[Supplied information — start]

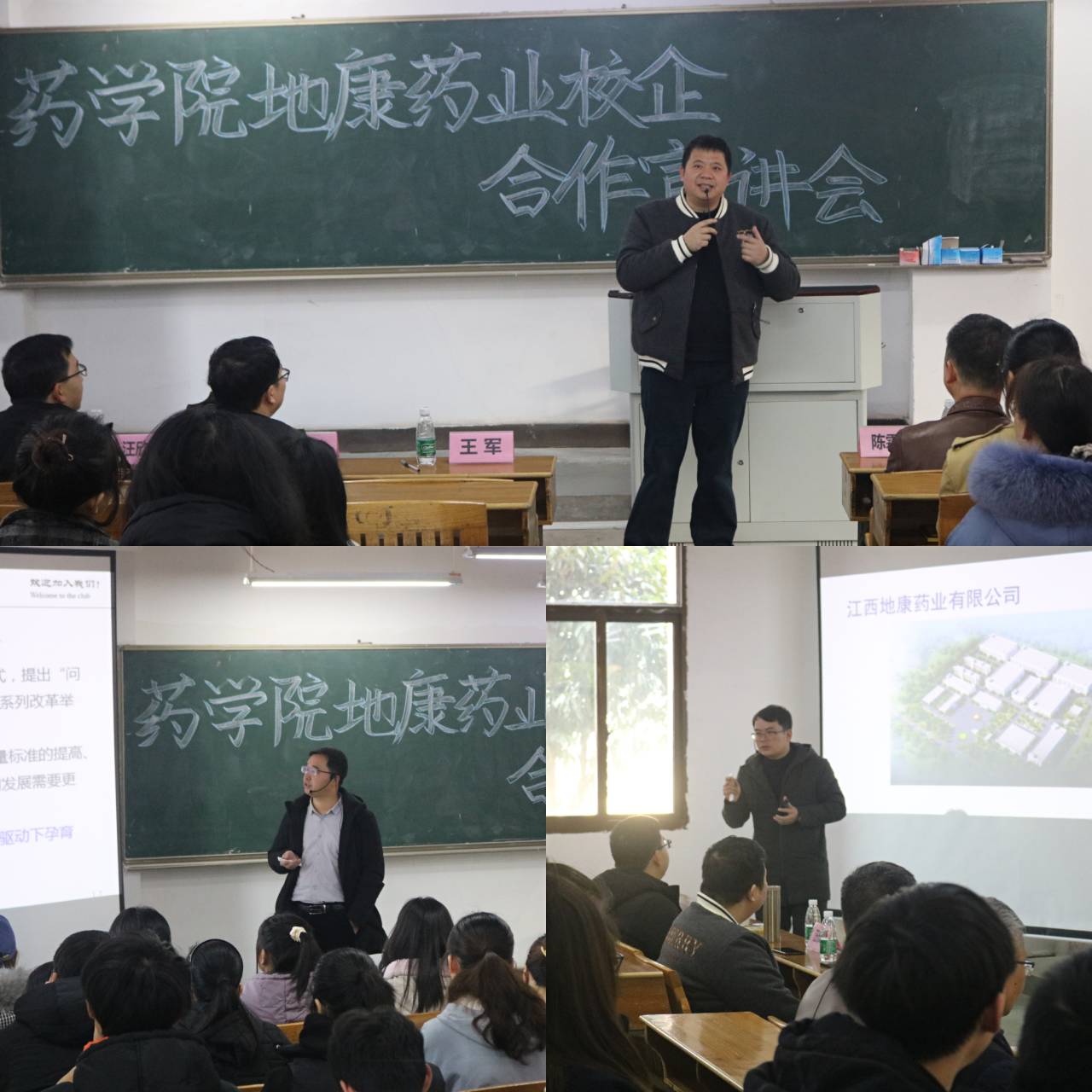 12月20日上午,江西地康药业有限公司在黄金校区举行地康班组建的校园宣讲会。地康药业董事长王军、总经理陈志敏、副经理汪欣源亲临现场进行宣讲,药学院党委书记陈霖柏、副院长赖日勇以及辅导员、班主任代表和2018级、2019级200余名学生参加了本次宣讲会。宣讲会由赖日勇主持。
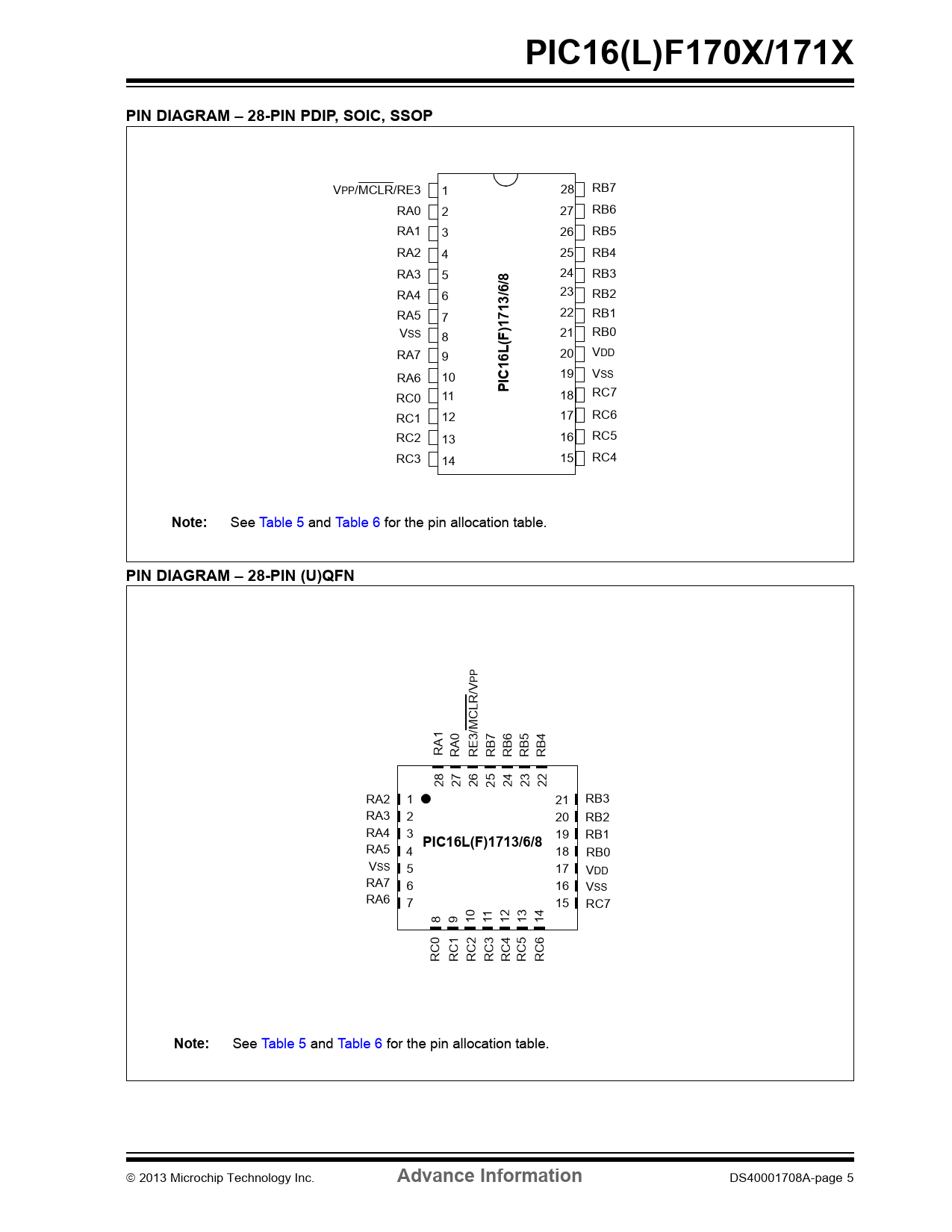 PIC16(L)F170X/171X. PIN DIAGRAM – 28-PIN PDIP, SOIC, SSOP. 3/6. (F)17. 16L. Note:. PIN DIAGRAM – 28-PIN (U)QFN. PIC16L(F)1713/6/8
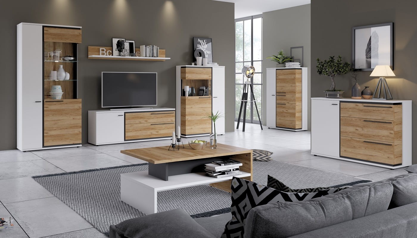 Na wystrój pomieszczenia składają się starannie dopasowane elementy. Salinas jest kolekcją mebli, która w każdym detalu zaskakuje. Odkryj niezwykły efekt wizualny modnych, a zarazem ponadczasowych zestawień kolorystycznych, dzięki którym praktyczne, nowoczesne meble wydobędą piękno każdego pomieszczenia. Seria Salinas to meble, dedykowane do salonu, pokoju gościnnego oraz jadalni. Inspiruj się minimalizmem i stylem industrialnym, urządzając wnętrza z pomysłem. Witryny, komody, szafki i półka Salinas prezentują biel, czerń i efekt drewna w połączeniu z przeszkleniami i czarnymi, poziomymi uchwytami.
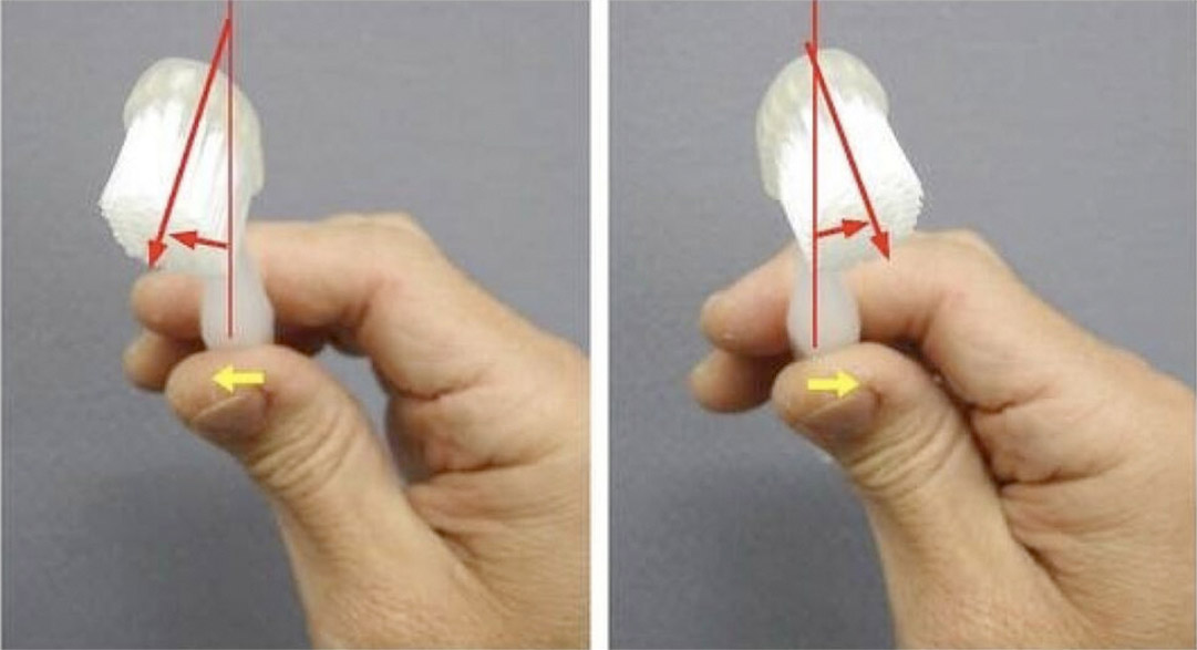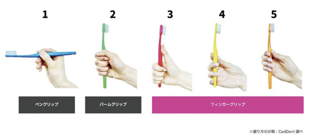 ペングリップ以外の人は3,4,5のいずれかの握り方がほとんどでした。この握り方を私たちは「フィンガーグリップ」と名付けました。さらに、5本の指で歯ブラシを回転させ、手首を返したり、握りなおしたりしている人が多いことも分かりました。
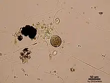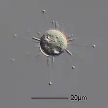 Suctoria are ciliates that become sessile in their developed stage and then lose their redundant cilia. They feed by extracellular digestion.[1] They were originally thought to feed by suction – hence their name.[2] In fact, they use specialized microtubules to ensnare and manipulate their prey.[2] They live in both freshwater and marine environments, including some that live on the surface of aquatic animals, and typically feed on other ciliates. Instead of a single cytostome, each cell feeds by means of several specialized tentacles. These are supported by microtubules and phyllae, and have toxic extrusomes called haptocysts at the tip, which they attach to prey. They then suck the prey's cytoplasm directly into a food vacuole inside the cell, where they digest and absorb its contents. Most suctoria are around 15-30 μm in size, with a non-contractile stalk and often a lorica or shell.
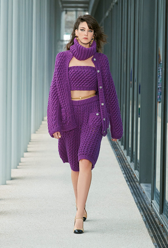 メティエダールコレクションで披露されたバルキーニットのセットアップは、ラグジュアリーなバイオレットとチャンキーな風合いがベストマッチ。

[Supplied information — finish]

→ Instructions for the task
Set the records down again exactly, and omit any picture in them.

→ Answer to this task
 12月20日上午,江西地康药业有限公司在黄金校区举行地康班组建的校园宣讲会。地康药业董事长王军、总经理陈志敏、副经理汪欣源亲临现场进行宣讲,药学院党委书记陈霖柏、副院长赖日勇以及辅导员、班主任代表和2018级、2019级200余名学生参加了本次宣讲会。宣讲会由赖日勇主持。
 PIC16(L)F170X/171X. PIN DIAGRAM – 28-PIN PDIP, SOIC, SSOP. 3/6. (F)17. 16L. Note:. PIN DIAGRAM – 28-PIN (U)QFN. PIC16L(F)1713/6/8
 Na wystrój pomieszczenia składają się starannie dopasowane elementy. Salinas jest kolekcją mebli, która w każdym detalu zaskakuje. Odkryj niezwykły efekt wizualny modnych, a zarazem ponadczasowych zestawień kolorystycznych, dzięki którym praktyczne, nowoczesne meble wydobędą piękno każdego pomieszczenia. Seria Salinas to meble, dedykowane do salonu, pokoju gościnnego oraz jadalni. Inspiruj się minimalizmem i stylem industrialnym, urządzając wnętrza z pomysłem. Witryny, komody, szafki i półka Salinas prezentują biel, czerń i efekt drewna w połączeniu z przeszkleniami i czarnymi, poziomymi uchwytami.
 ペングリップ以外の人は3,4,5のいずれかの握り方がほとんどでした。この握り方を私たちは「フィンガーグリップ」と名付けました。さらに、5本の指で歯ブラシを回転させ、手首を返したり、握りなおしたりしている人が多いことも分かりました。
 Suctoria are ciliates that become sessile in their developed stage and then lose their redundant cilia. They feed by extracellular digestion.[1] They were originally thought to feed by suction – hence their name.[2] In fact, they use specialized microtubules to ensnare and manipulate their prey.[2] They live in both freshwater and marine environments, including some that live on the surface of aquatic animals, and typically feed on other ciliates. Instead of a single cytostome, each cell feeds by means of several specialized tentacles. These are supported by microtubules and phyllae, and have toxic extrusomes called haptocysts at the tip, which they attach to prey. They then suck the prey's cytoplasm directly into a food vacuole inside the cell, where they digest and absorb its contents. Most suctoria are around 15-30 μm in size, with a non-contractile stalk and often a lorica or shell.
 メティエダールコレクションで披露されたバルキーニットのセットアップは、ラグジュアリーなバイオレットとチャンキーな風合いがベストマッチ。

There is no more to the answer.